В перерывах гуляли по окрестным деревням: жившие в них немцы бежали, боясь мести поляков и русских. Больше всего удивляли не ухоженная растительность возле каждого дома и не их шикарный вид, а наличие электричества даже в свинарниках. В Сатанове, где родился штурман Мильман, электричество было только в госучреждениях, и то на везде, а большинство жилых домов освещались керосиновыми лампами.
Из тех домов авиаторы пытались вынести вещи, о которых мечтал любой советский гражданин. Миша тоже не устоял и набил найденный чемодан женскими платьями, которые планировал переслать сестре в Одессу. Но вскоре командир полка майор Солнышкин и начальник штаба подполковник Чумаков наладили этот хаотический процесс. Грузовая машина с вооруженными солдатами подъезжала в неразграбленные деревни недалеко от линии фронта, загружала всё самое ценное – и ехала назад в расположение 408-го полка. Вещи разбирали в рамках субординации: сначала Солнышкин и Чумаков, потом их непосредственные подчиненные, дальше уже остальные. К тому времени, как Мишу приглашали забирать трофеи, от них уже оставались одни безделушки.
После войны их полк дислоцировался в Польше. В марте 1946 года майор Солнышкин вызвал штурмана к себе в штаб. «Товарищ Мильман, завтра на собрании я вас попрошу призвать сослуживцев пожертвовать месячное денежное довольствие на восстановление Родины, – просьба майора Солнышкина звучала как приказ, – и не забудьте сказать, что вы делаете это добровольно». Младший офицерский состав отделался легким испугом, пожертвовав месячное жалование, в то время как самому майору Солнышкину пришлось распрощаться с зарплатой за три месяца.
Желания возвращаться в государство, где нищих и бесправных людей правительство продолжало нагло обирать, у Мильмана было все меньше, а мечта о Палестине становалась все ярче. В институт молодой человек поступать передумал, а репатриация на родину предков превратилась для него в идею-фикс.
Побег из «советского рая»
Однажды, провожая группу солдат в специальный лагерь для демобилизованных, Миша пообещал, что без проволочек выпишет им пропуск на проезд в СССР. Получив за это в подарок от них килограмм сала и небольшую сумму денег, купил билеты до Берлина.
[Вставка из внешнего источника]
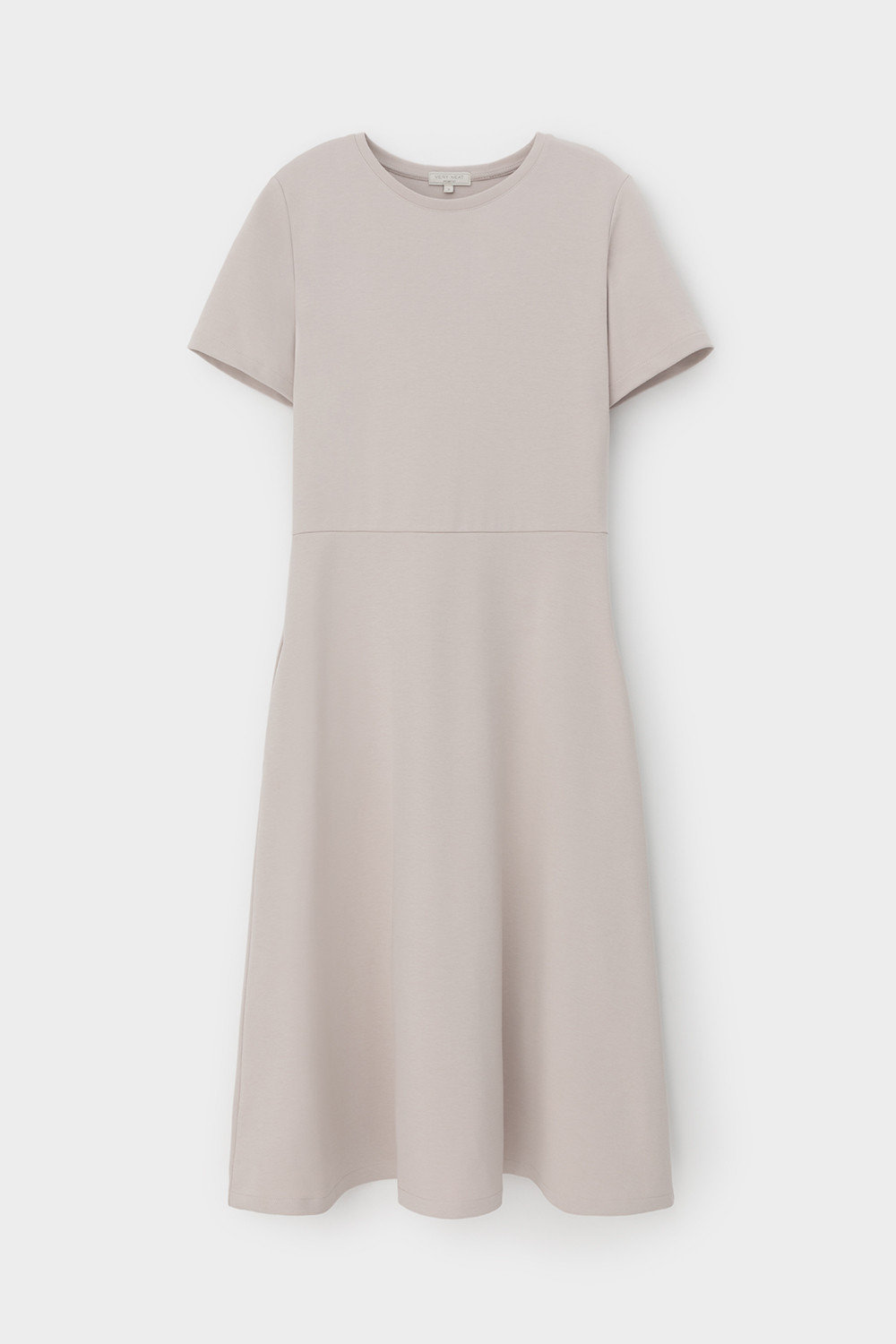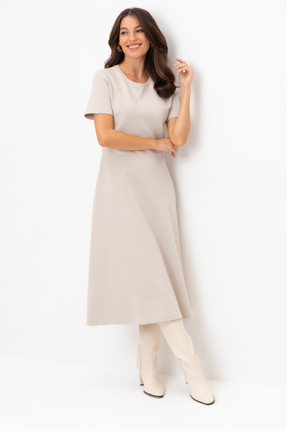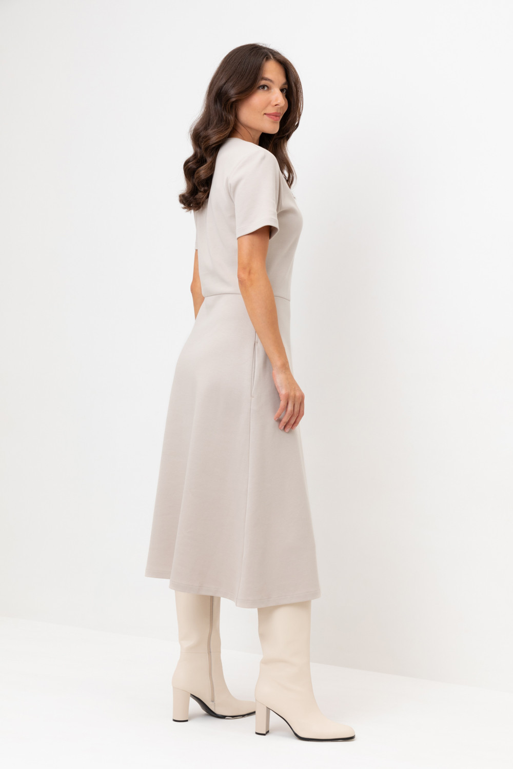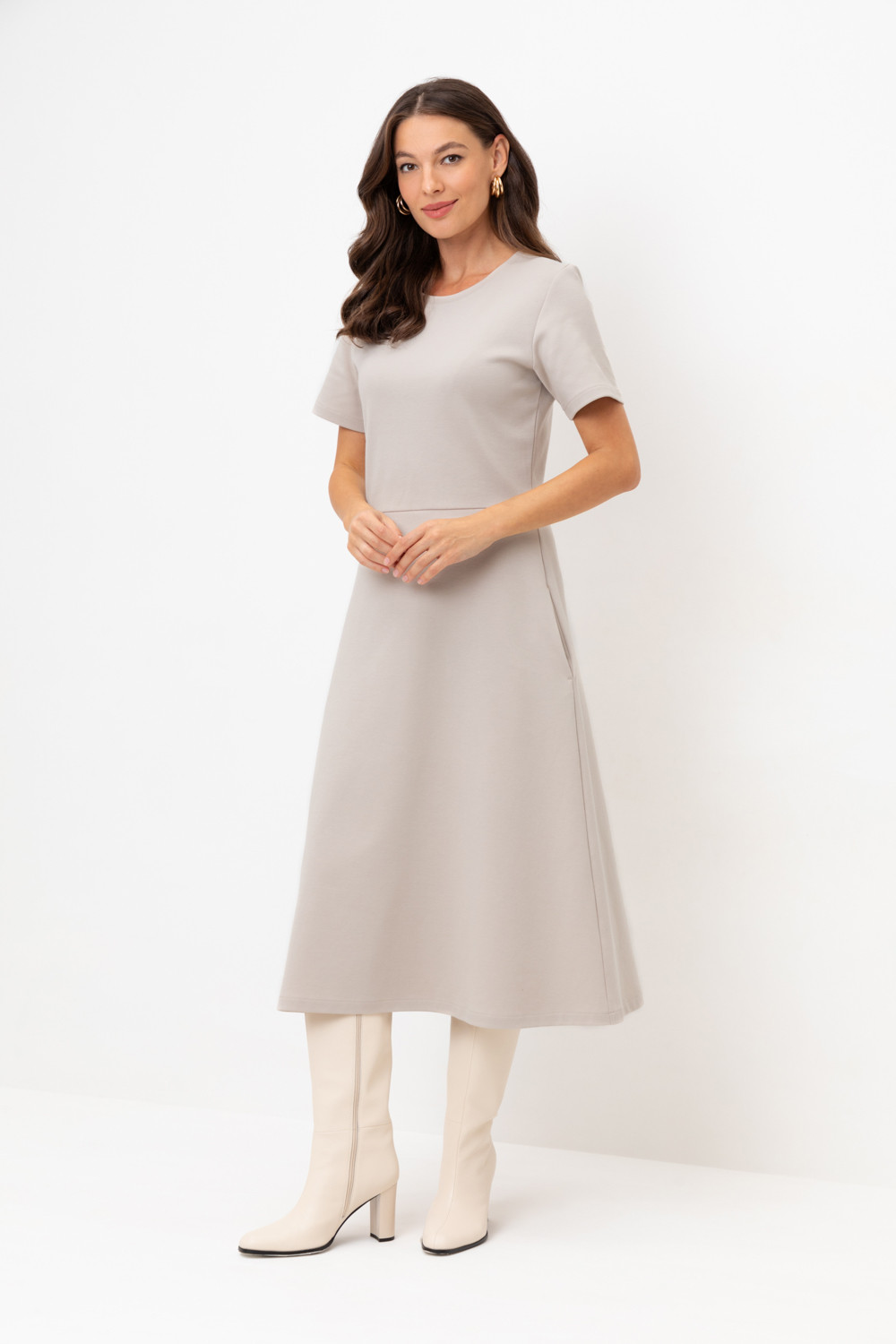 Платье с круглым вырезом и короткими рукавами из плотного трикотажа интерлок. Модель с трапециевидной юбкой и боковыми карманами.

Перехитрив по дороге патруль, старший лейтенант доехал до немецкой столицы, откуда отправился в Эрфурт, где собирался, по совету знакомого офицера, купить себе несколько хороших чемоданов, дефицитную в Союзе ткань на костюм и куски кожи про запас. Там один из продавцов оказался немецким евреем. Рассказал, что на западе Германии существуют несколько еврейских лагерей, откуда люди уезжают в Палестину. А потом и некоторые польские евреи, едущие из Советского Союза через Познань на Запад, рассказали Мильману, что из западной Германии можно уехать в Палестину, управляемую англичанами.
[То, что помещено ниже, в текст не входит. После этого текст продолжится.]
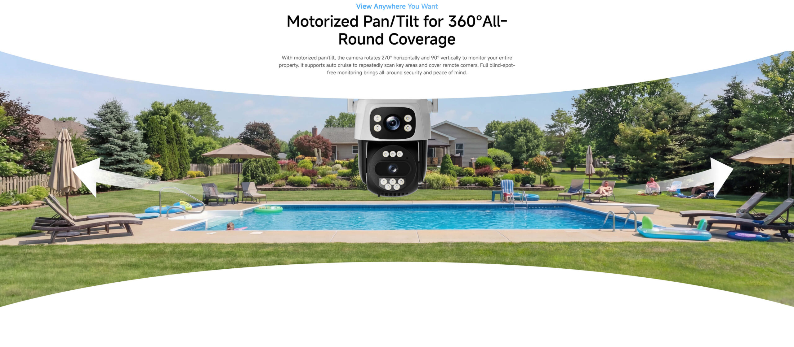 | ✮Ultra wide angle, three-way pan-tilt, pan 270°, tilt90°, flexible rotation, 360° comprehensive coverage | ||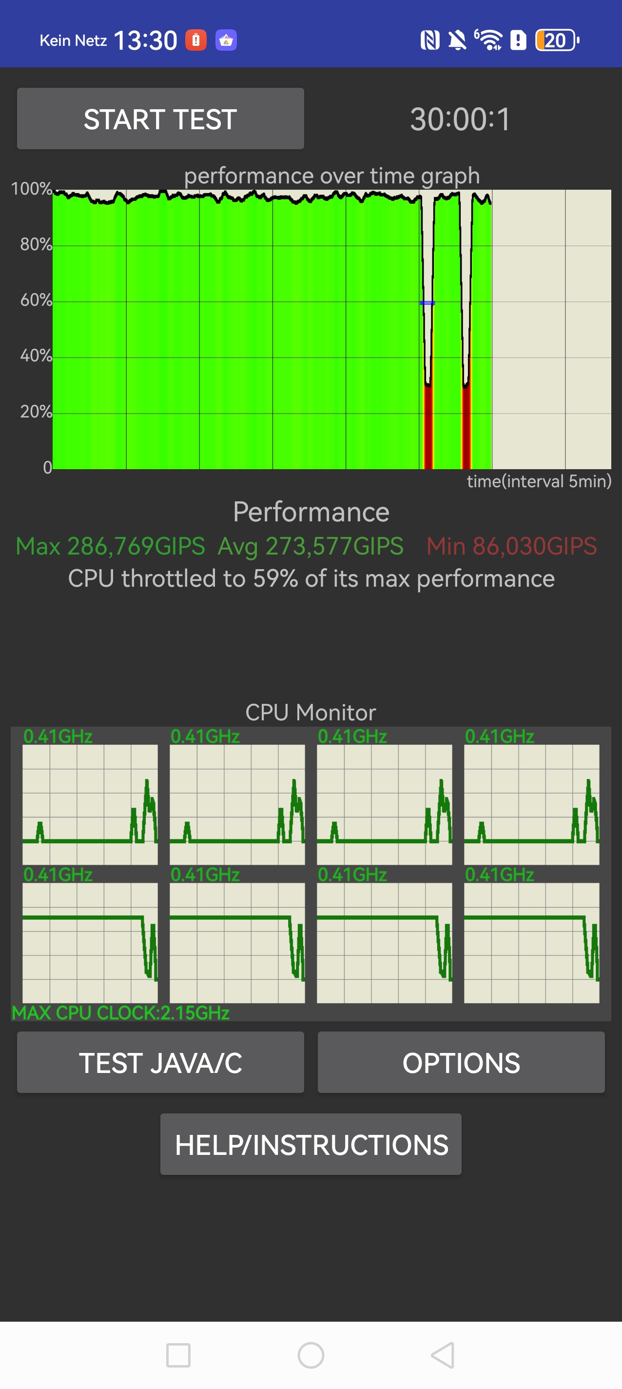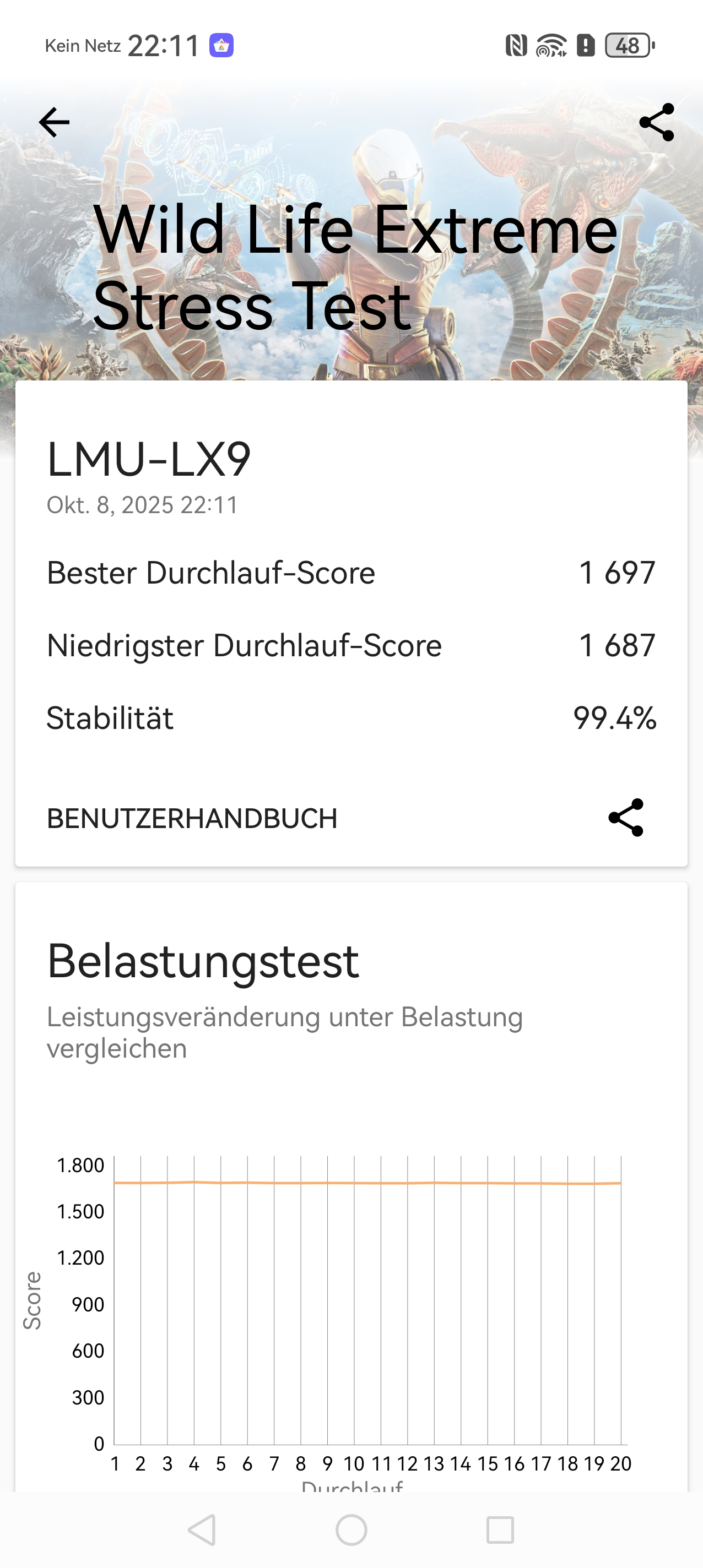 Immerhin hat Huawei das Thermal Management im Griff: Weder bei der CPU noch bei der GPU konnten wir nennenswertes Throttling feststellen. Der Chip bleibt also auch unter Last stabil. Hier schneidet das Huawei besser ab als beispielsweise Googles Pixel 10 Smartphones mit den Tensor G5 Chips, die eine ähnliche Leistung bieten, unter Last aber stark einbrechen.

И однажды, после нескольких безуспешных попыток уволиться из армии, старший лейтенант Мильман решил рискнуть. Взял в части двухнедельный отпуск и, указав в качестве места пребывания подмосковный город, где когда-то шло обучение экипажей «Ту-2», Миша сел на товарный поезд, шедший в Германию. Пересек границу в вагоне охраны, которая с удовольствием согласилась распить бутылку водки с незнакомым офицером. Водку выпили, но на ближайшей станции, уже на немецкой стороне, собутыльники сдали Мильмана коменданту. Капитан внимательно изучил документы штурмана ВВС и строго спросил, почему тот едет в сторону Берлина, если отпускной выписан на пребывание в Подмосковье. «Да в этой Познани невозможно купить до Москвы билет! Вот приходится, как идиоту, крюк делать!», – ответ старшего лейтенанта звучал вполне убедительно, и через полчаса капитан лично отвел Мильмана на поезд до Берлина.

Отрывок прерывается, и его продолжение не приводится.